* [ASSIGNED TASK]:
Starting at the line that contains "这是手游《未来之役》的实战画", print each line exactly through the end of the listing. Skip any pictures and add nothing.

* [EXTRACTED DATA]:
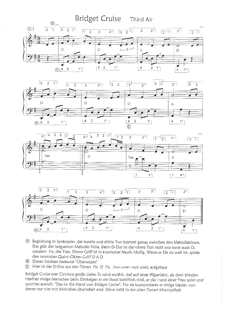 Turlough O’Carolan (1670 – 1738) ist der berühmteste Harfner Irlands. In seinen Kompositionen verschmelzen keltische und barocke Elemtente zu einer eigenen Form irischer Musik, die weder Folk noch Klassik ist. Da seine Musik größtenteils ohne Begleitung überliefert ist, wurden sie hier im modernen Stil mittelschwer arrangiert. Akkordsymbole ermöglichen auch leichtere Begleitungen.
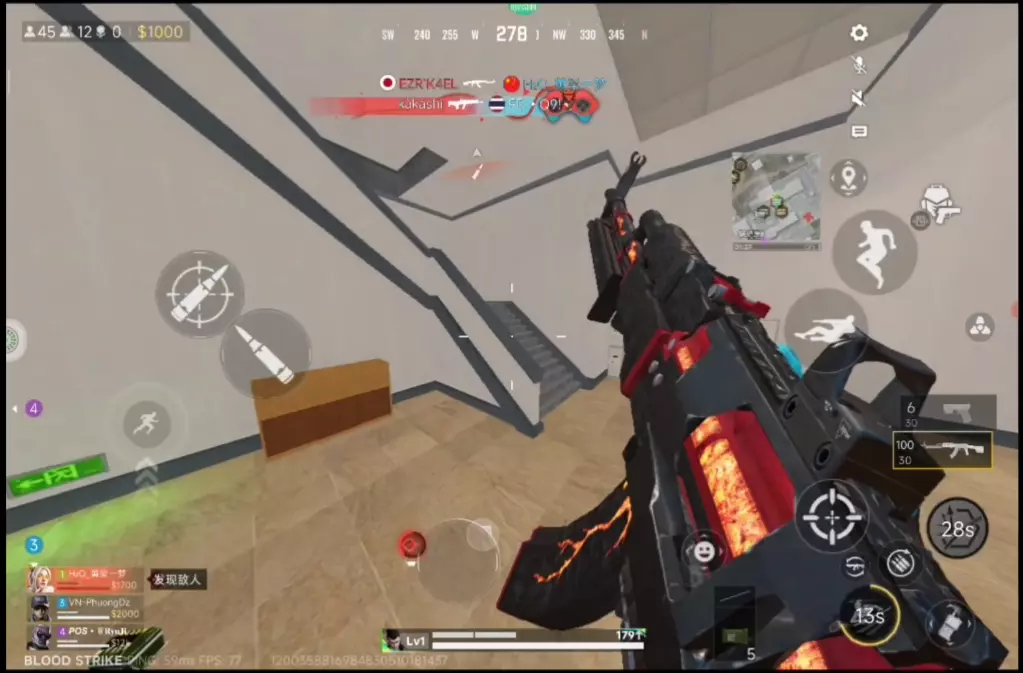 这是手游《未来之役》的实战画面,展示了玩家在对局里依托掩体作战、拾取物资、能量等级提升等游戏过程,呈现了该手游的战场战斗与物资收集等核心玩法。
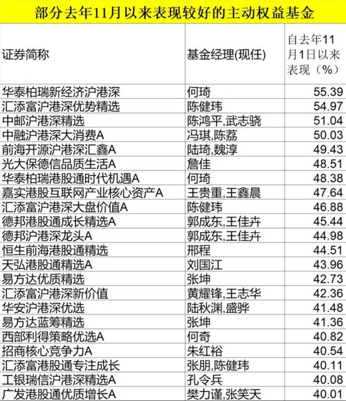 不仅张坤管理基金表现出色,自去年11月以来一大批主动权益基金反弹超40%,多为沪港深基金,甚至有观点认为“含港率”成为近期基金业绩涨幅的胜负手。
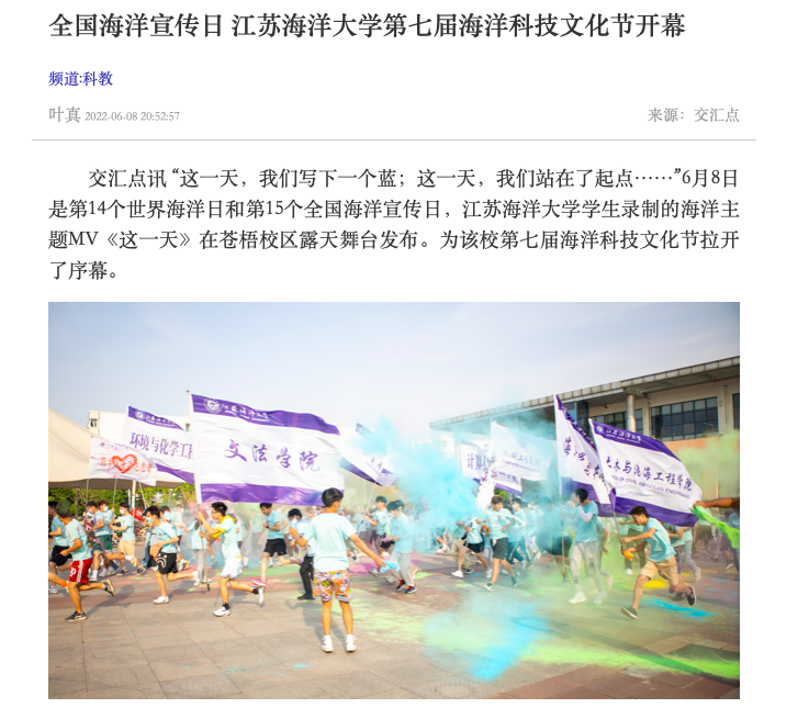 “这一天,我们写下一个蓝;这一天,我们站在了起点……”6月8日是第14个世界海洋日和第15个全国海洋宣传日,足球装备推荐学生录制的海洋主题MV《这一天》在苍梧校区露天舞台发布。为该校第七届海洋科技文化节拉开了序幕。
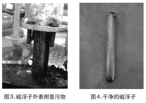 經(jīng)過兩年多運(yùn)行,污水罐內(nèi)可能沉淀污泥雜質(zhì)導(dǎo)致液位計(jì)示數(shù)不準(zhǔn)。現(xiàn)場拆卸液位計(jì),并且對浮球和磁浮子進(jìn)行清洗。(圖3-圖4)
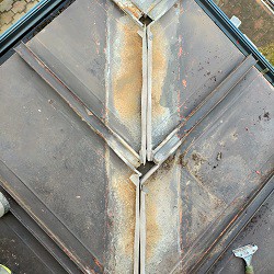 棟の板金を外したところ水の侵入により腐食していました。
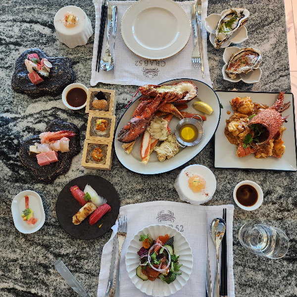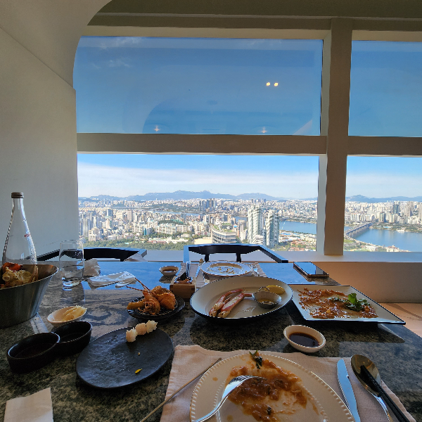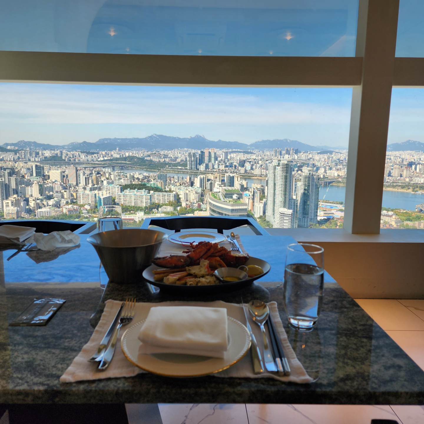 크랩 52 가기 2주 전에 예약해서 창가 자리는 바라지도 않았어요. 창가 쪽은 미리 예약하지 않으면 힘들다고 했는데, 창가쪽 7번 배정을 받았고 뷰는 정말 좋았습니다. 52에서 밥 먹는 기분이 생각보다 너무 좋더라고요. 왜 사람들이 높은 곳으로 이사 가고 싶어 하는지 알았어요. 낮도 좋은 것 같고 밤에 가도 정말 뷰는 멋있을 거 같지만, 처음이자 마지막으로 방문할 곳입니다. 재방문은 누가 사주지 않는 이상 안 갈 것 같습니다.
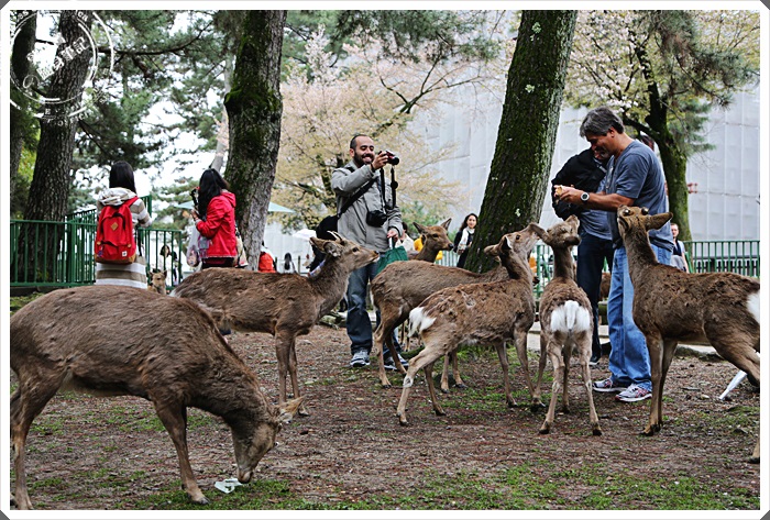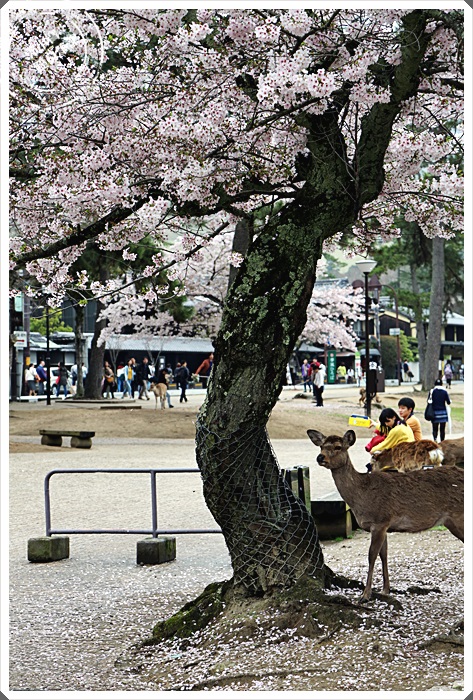 | 奈良的櫻花季節我想大概是奈良小鹿一年之中吃的最飽的一段時間了,因為遊客真的非常的多,當然大量櫻花的美景也是引來人潮最主要的原因, |

* [SOLVED EXERCISE]:
 这是手游《未来之役》的实战画面,展示了玩家在对局里依托掩体作战、拾取物资、能量等级提升等游戏过程,呈现了该手游的战场战斗与物资收集等核心玩法。
 不仅张坤管理基金表现出色,自去年11月以来一大批主动权益基金反弹超40%,多为沪港深基金,甚至有观点认为“含港率”成为近期基金业绩涨幅的胜负手。
 “这一天,我们写下一个蓝;这一天,我们站在了起点……”6月8日是第14个世界海洋日和第15个全国海洋宣传日,足球装备推荐学生录制的海洋主题MV《这一天》在苍梧校区露天舞台发布。为该校第七届海洋科技文化节拉开了序幕。
 經(jīng)過兩年多運(yùn)行,污水罐內(nèi)可能沉淀污泥雜質(zhì)導(dǎo)致液位計(jì)示數(shù)不準(zhǔn)。現(xiàn)場拆卸液位計(jì),并且對浮球和磁浮子進(jìn)行清洗。(圖3-圖4)
 棟の板金を外したところ水の侵入により腐食していました。
 크랩 52 가기 2주 전에 예약해서 창가 자리는 바라지도 않았어요. 창가 쪽은 미리 예약하지 않으면 힘들다고 했는데, 창가쪽 7번 배정을 받았고 뷰는 정말 좋았습니다. 52에서 밥 먹는 기분이 생각보다 너무 좋더라고요. 왜 사람들이 높은 곳으로 이사 가고 싶어 하는지 알았어요. 낮도 좋은 것 같고 밤에 가도 정말 뷰는 멋있을 거 같지만, 처음이자 마지막으로 방문할 곳입니다. 재방문은 누가 사주지 않는 이상 안 갈 것 같습니다.
 | 奈良的櫻花季節我想大概是奈良小鹿一年之中吃的最飽的一段時間了,因為遊客真的非常的多,當然大量櫻花的美景也是引來人潮最主要的原因, |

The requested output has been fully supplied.